Red mud-mediated CO₂ capture for enhanced carbon reduction and waste-to-resource: A review

The direct and simplistic disposal of red mud, a strong alkalinity industrial byproduct, presents substantial environmental contamination hazards. This persistent challenge has severely constrained its application across multiple sectors, thereby impeding large-scale utilization. Thus, dealkalization continues to be the principal work priority for enabling effective red mud utilization. Herein, this study comprehensively examines the manufacturing process, composition, and properties of red mud, performs thermodynamic and kinetic evaluation, and assesses the performance of calcium-enriched system under diverse additive conditions.
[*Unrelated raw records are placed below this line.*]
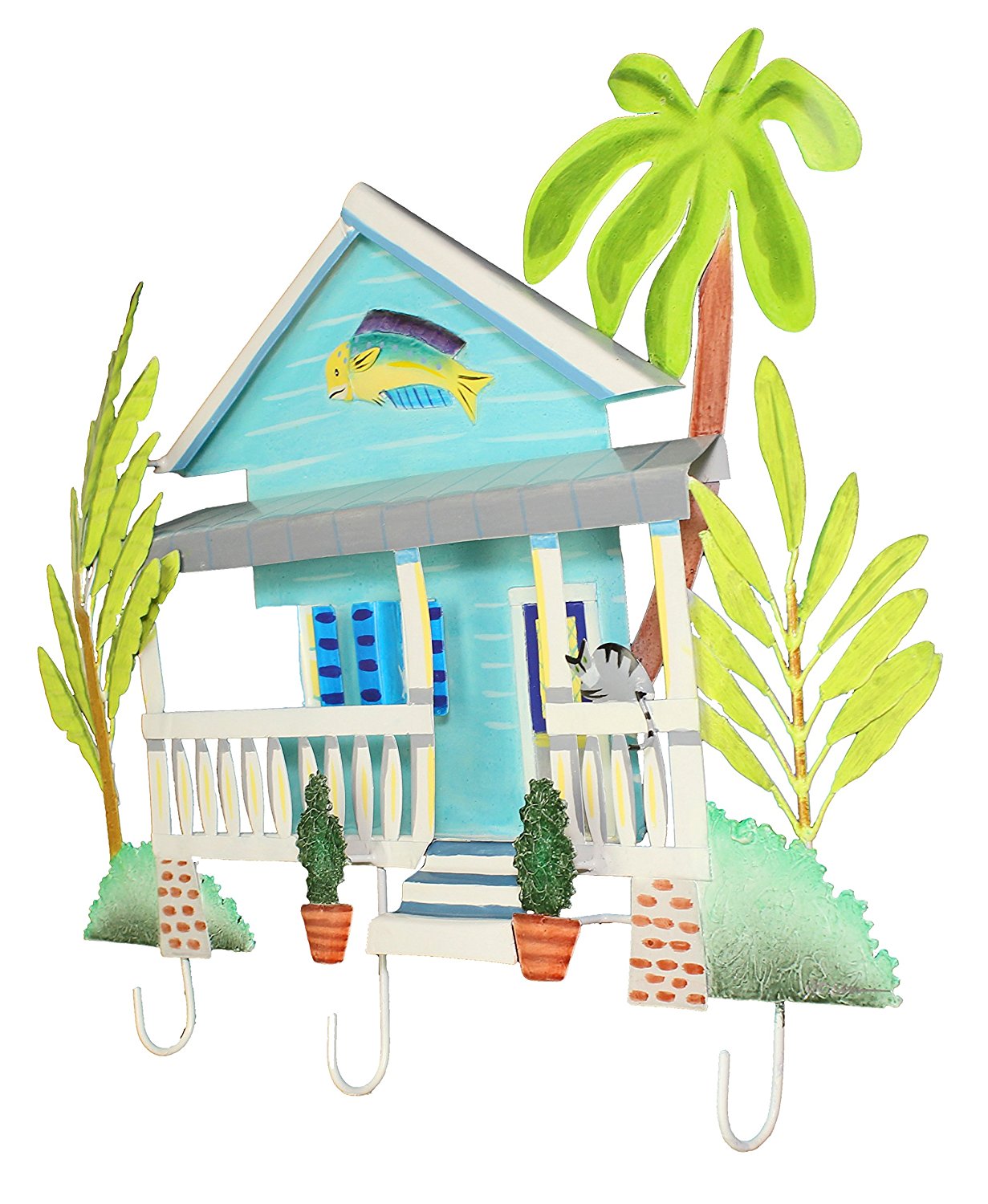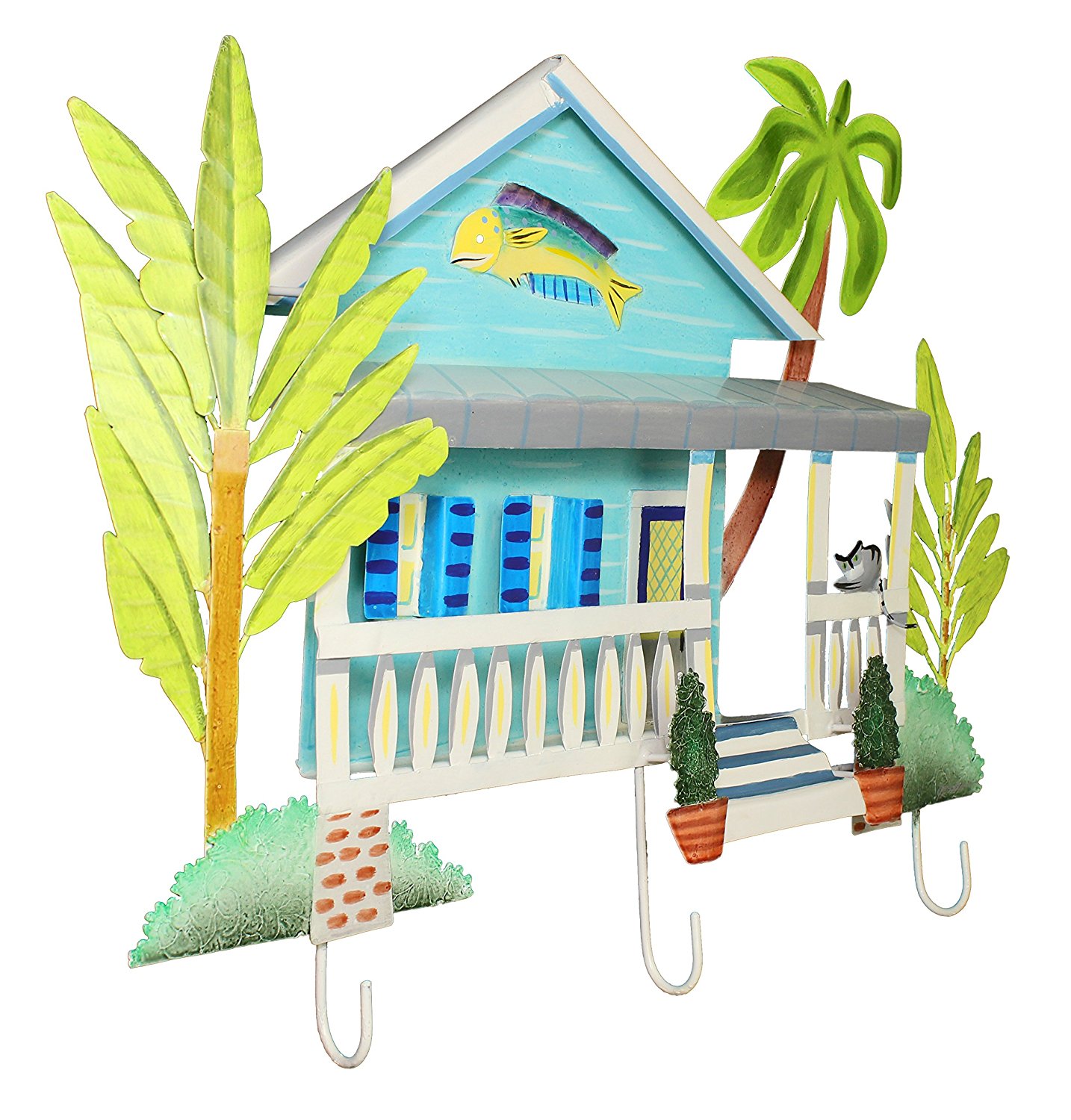 19″H Metal Blue Key West Beach House Wall Hooks – 3 Prongs
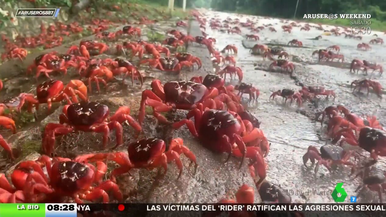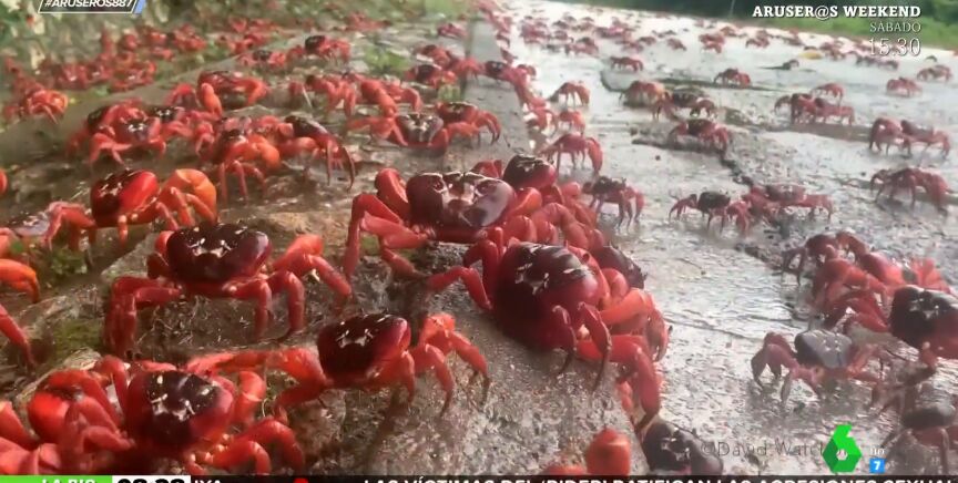 "Ni la operación salida del próximo puente". Así define Alfonso Arús la migración de estos cangrejos rojos australianos, que en época de reproducción, emprenden un largo camino hasta la playa. Así lo explica la biólogaEvelyn Segura en Aruser@s.
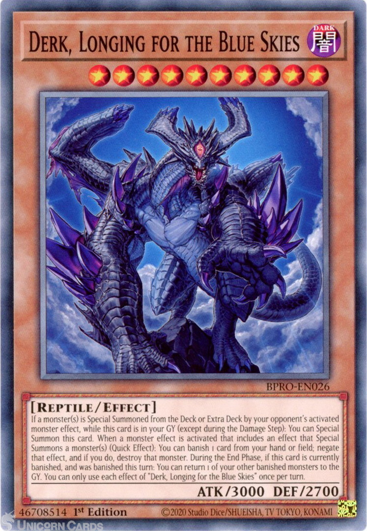 - BPRO-EN026 Derk, Longing for the Blue Skies : Common 1st Edition Mint YuGiOh Card
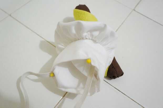 Para la correa usé elástico así que sería fácil de poner en el animal con poco revuelo. La próxima vez que haga uno voy a usar un elástico más amplia porque creo que encajaría en la cabeza un poco mejor.
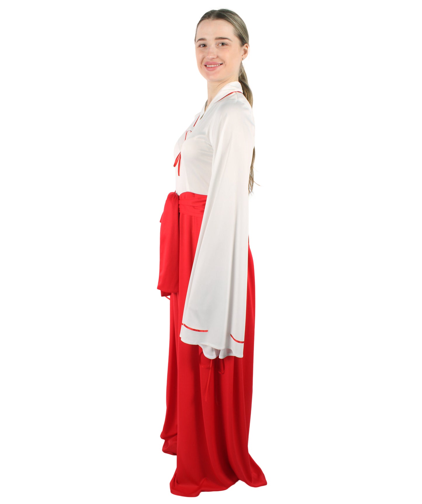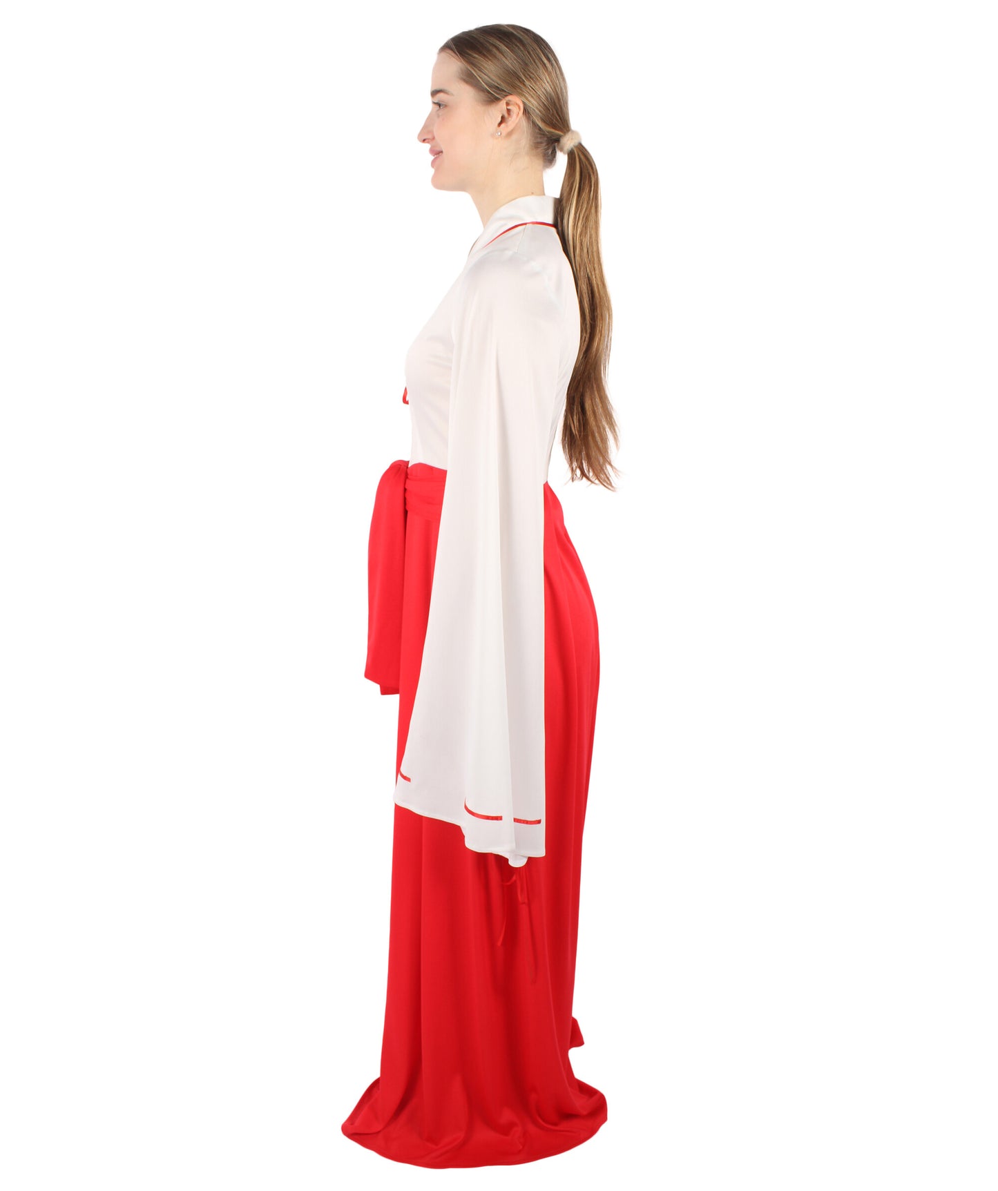 Enter a magical world with our Anime Priestess Red Kimono Costume which is specially designed for making your and Halloween more dramatic. Inspiration comes from a newly popular Japanese anime character. Our gorgeous Kimono Costume Set is made for people who want to represent the beauty and may of a supernatural protector. This Kimono Costume shows sophistication, beauty, and a hint of supernatural fascination, attracting inspiration from the traditional charm of traditional Japanese clothing. A combination of white and red colors makes this costume super elegant.
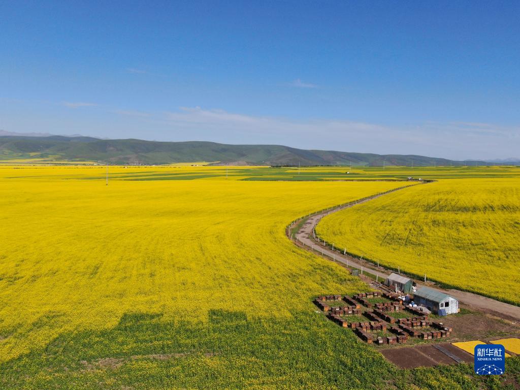 進(jìn)入七月,位于青海省海北藏族自治州門源回族自治縣的萬畝油菜花競(jìng)相綻放。來自四川德陽的蜂農(nóng)馮躍宣在花海里忙碌。他從早上7點(diǎn)開始整理蜂箱、采集花粉、晾曬花粉,一直忙碌到晚上8點(diǎn)。

This review focuses on carbon sequestration in red mud, aiming to simultaneously achieve effective dealkalization, mitigate environmental pollution, and enable large-scale resource utilization. Additionally, it captures and utilizes CO₂ to mitigate greenhouse gas emissions, aligning with the dual-carbon goals and achieving coordinated treatment of waste gas and solid waste. The alkaline components in red mud exist in two forms: soluble alkali in the supernatant and insoluble alkali in the solid phase. Both can react with carbon dioxide during the carbonation process to form carbonates. These findings offer technical foundations for promoting large-scale low-carbon application research of red mud.